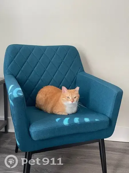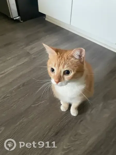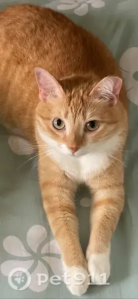 Orange female domestic shorthair. Green eyes. Cropped left ear. Allergic to chicken. Friendly but shy towards strangers. She ran away from home at night on January 23, 2026.
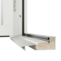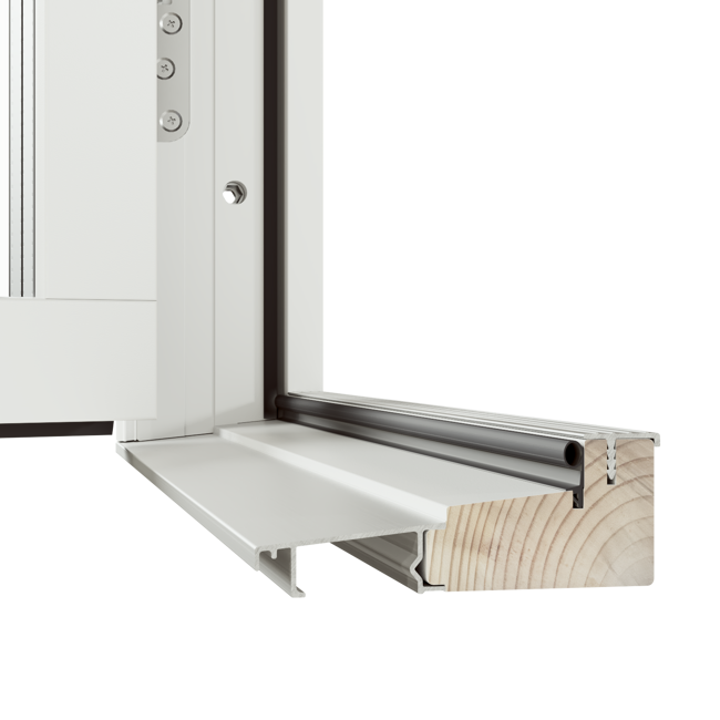 Original Alu Altan- och Fönsterdörr erbjuds med tre tröskelalternativ, här visas den högsta varianten. Tröskel i trä med utvändig del av aluminium, höjd 42 mm.
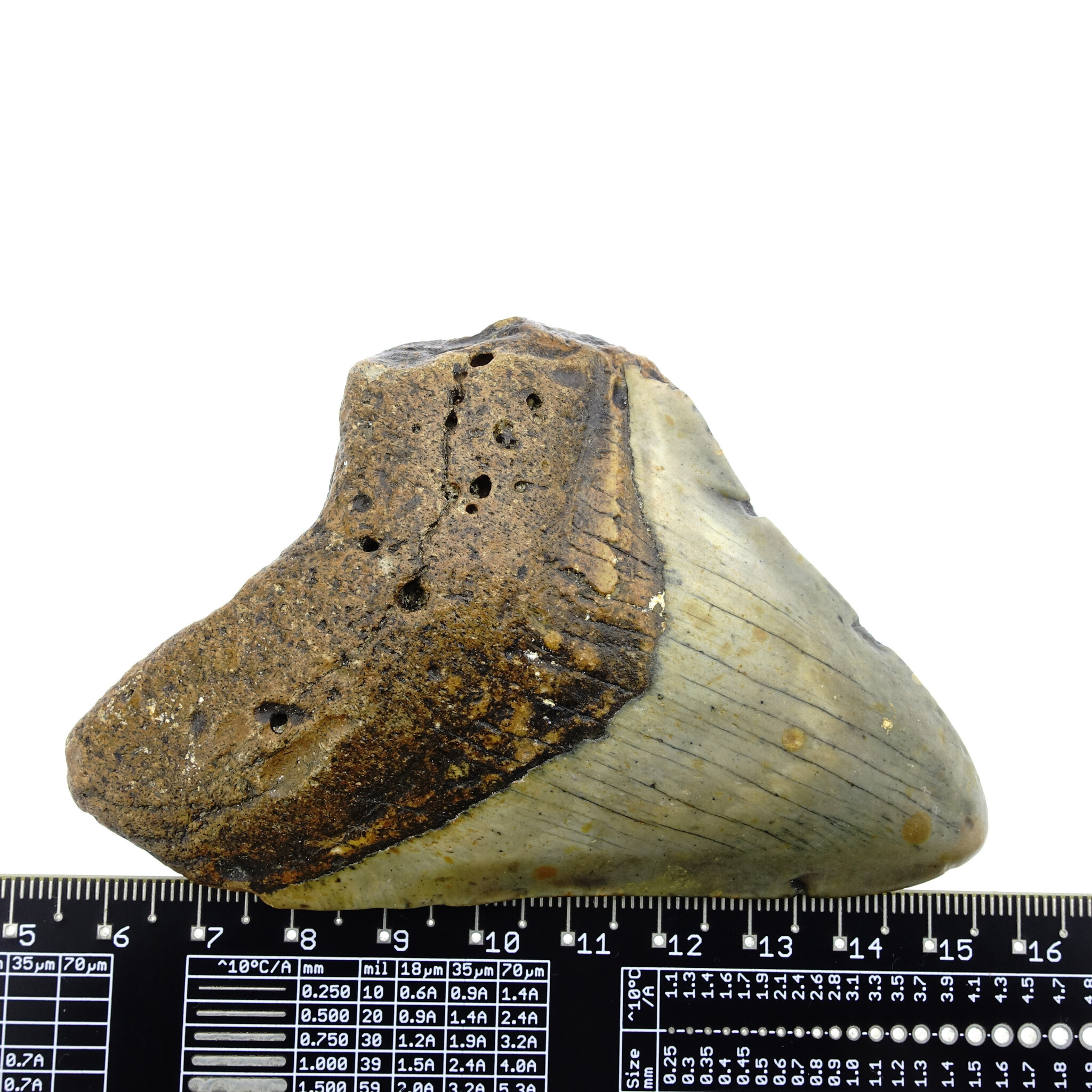 Very beautiful fossil shark tooth is from the extinct Megalodon shark.
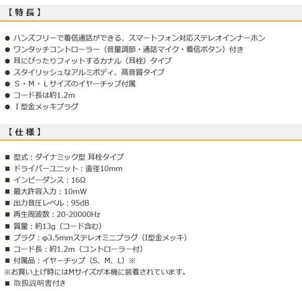 ハンズフリーで着信通話ができる、スマートフォン対応ステレオインナーホンです。
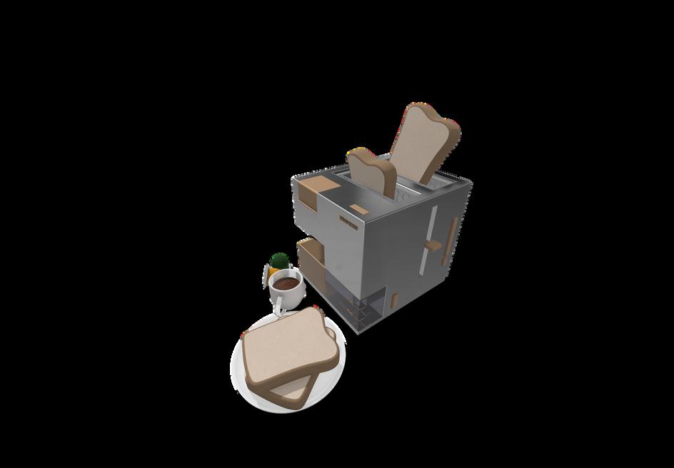 The ‘Toastpresso’ pop-up toaster got inspired by Marcel Breuer, a Hungarian-American designer and architecture. Its appearance of shape and aluminum texture attempts to evoke the sense of International style and geometrically of Whitney Museum and Church at St.John's Abbey. With the hexagonal grid design of the wire rage that inspired by the hexagon stained glass window at St.Jonh Abbey, it will create the texture of hexagon pattern on the toast.
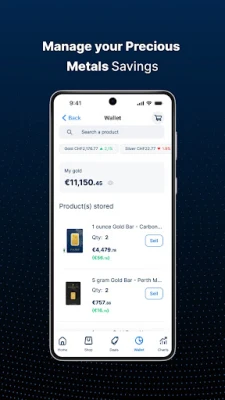 GOLD AVENUE सोने, चांदी, प्लैटिनम और पैलेडियम में निवेश करने का एक भरोसेमंद ऐप है। लाइव कीमतें ट्रैक करें, तुरंत खरीदारी करें और स्विट्जरलैंड में अपने कीमती धातुओं को सुरक्षित रूप से स्टोर करें। शुरुआती और अनुभवी निवेशकों के लिए आसान और सुरक्षित।
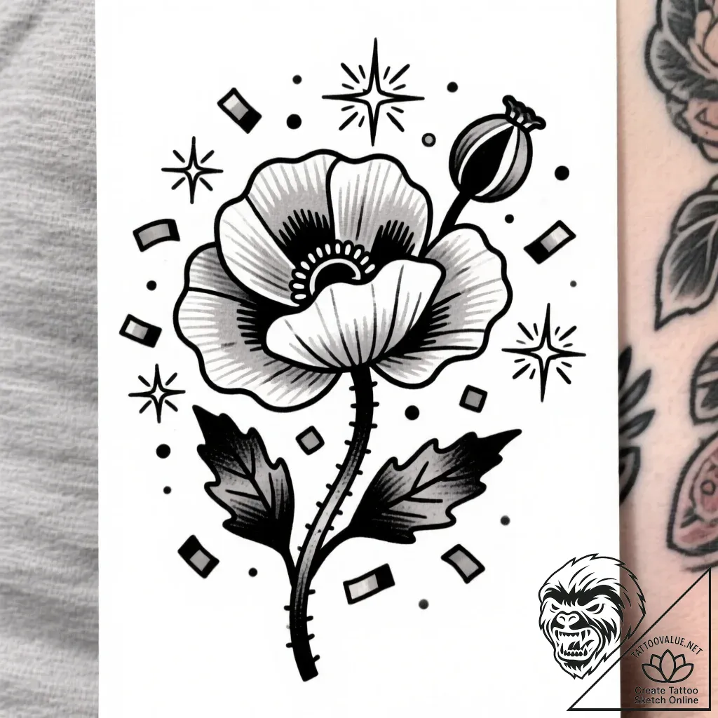 This classic American traditional tattoo sketch blossoms with a vibrant poppy, its petals unfurling like a joyful sigh amidst a shower of confetti and celestial sparkles. Rendered in a striking black
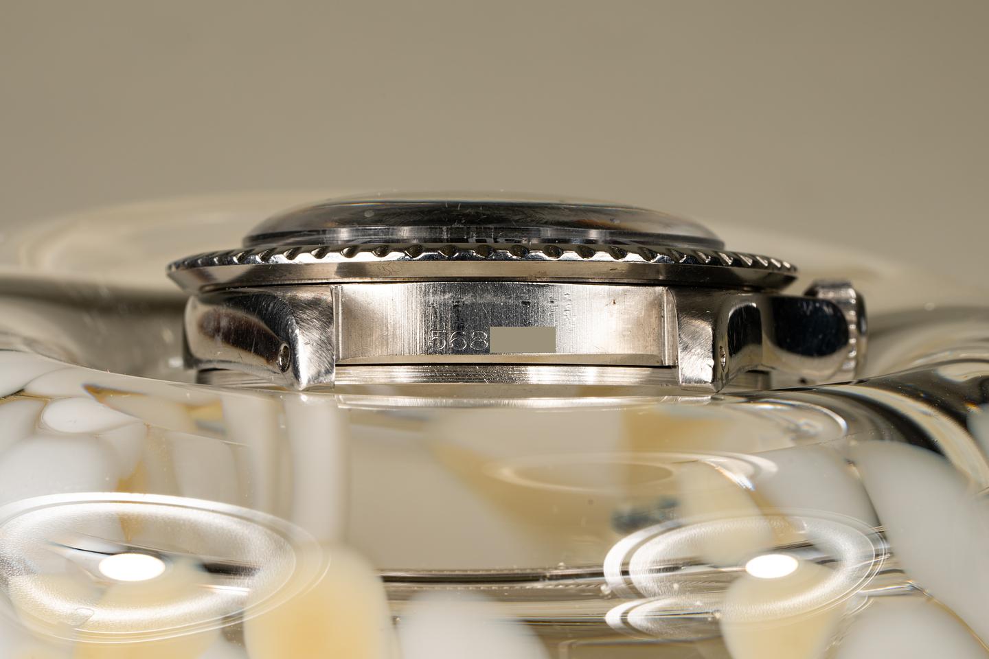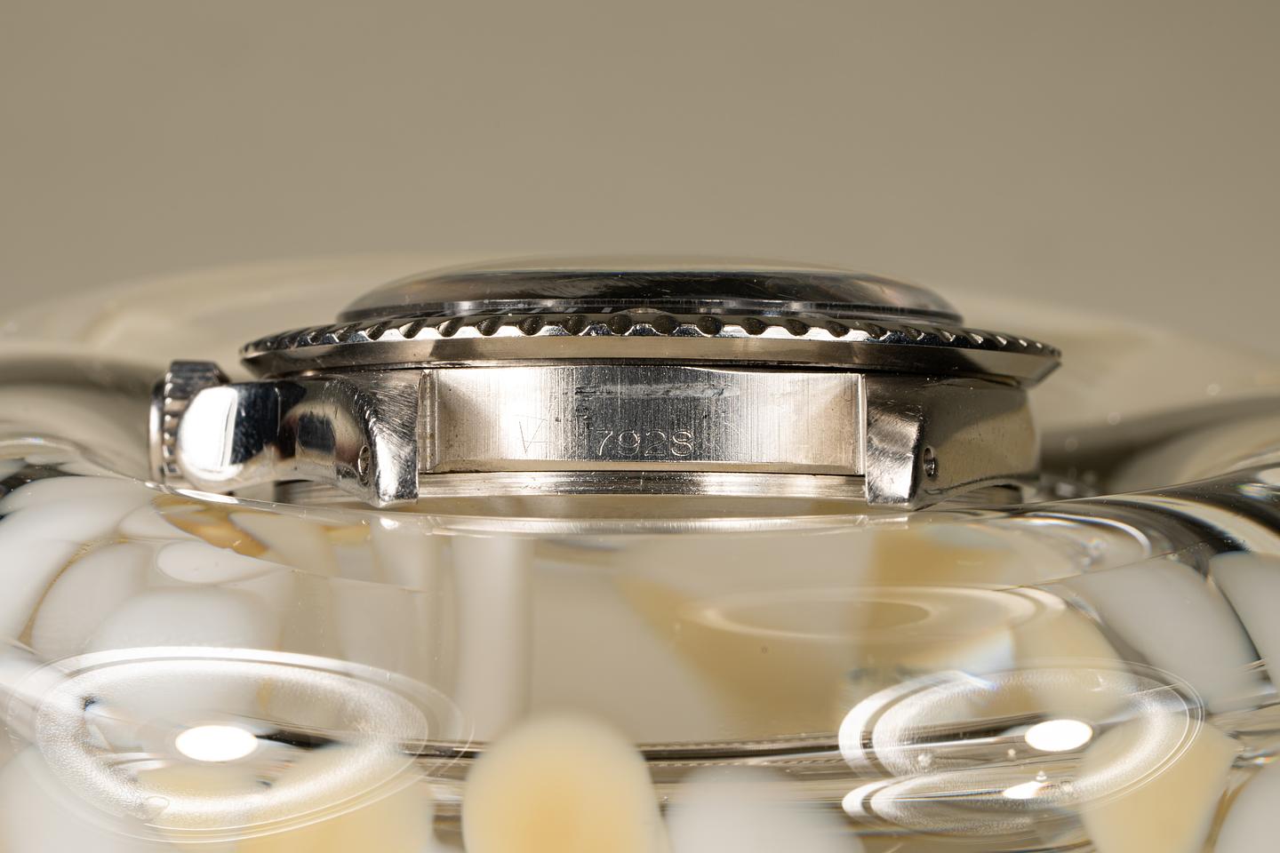 Case: Excellent case that has been polished in the past and shows average wear for its age. The fat font bezel insert is also excellent and shows light wear for its age. The crystal has 2 small chips one over the 8 and one over the 9 o'clock marker.

----

## Brief
Give back the entire listing verbatim, without the pictures.

## Exercise output
 Orange female domestic shorthair. Green eyes. Cropped left ear. Allergic to chicken. Friendly but shy towards strangers. She ran away from home at night on January 23, 2026.
 Original Alu Altan- och Fönsterdörr erbjuds med tre tröskelalternativ, här visas den högsta varianten. Tröskel i trä med utvändig del av aluminium, höjd 42 mm.
 Very beautiful fossil shark tooth is from the extinct Megalodon shark.
 ハンズフリーで着信通話ができる、スマートフォン対応ステレオインナーホンです。
 The ‘Toastpresso’ pop-up toaster got inspired by Marcel Breuer, a Hungarian-American designer and architecture. Its appearance of shape and aluminum texture attempts to evoke the sense of International style and geometrically of Whitney Museum and Church at St.John's Abbey. With the hexagonal grid design of the wire rage that inspired by the hexagon stained glass window at St.Jonh Abbey, it will create the texture of hexagon pattern on the toast.
 GOLD AVENUE सोने, चांदी, प्लैटिनम और पैलेडियम में निवेश करने का एक भरोसेमंद ऐप है। लाइव कीमतें ट्रैक करें, तुरंत खरीदारी करें और स्विट्जरलैंड में अपने कीमती धातुओं को सुरक्षित रूप से स्टोर करें। शुरुआती और अनुभवी निवेशकों के लिए आसान और सुरक्षित।
 This classic American traditional tattoo sketch blossoms with a vibrant poppy, its petals unfurling like a joyful sigh amidst a shower of confetti and celestial sparkles. Rendered in a striking black
 Case: Excellent case that has been polished in the past and shows average wear for its age. The fat font bezel insert is also excellent and shows light wear for its age. The crystal has 2 small chips one over the 8 and one over the 9 o'clock marker.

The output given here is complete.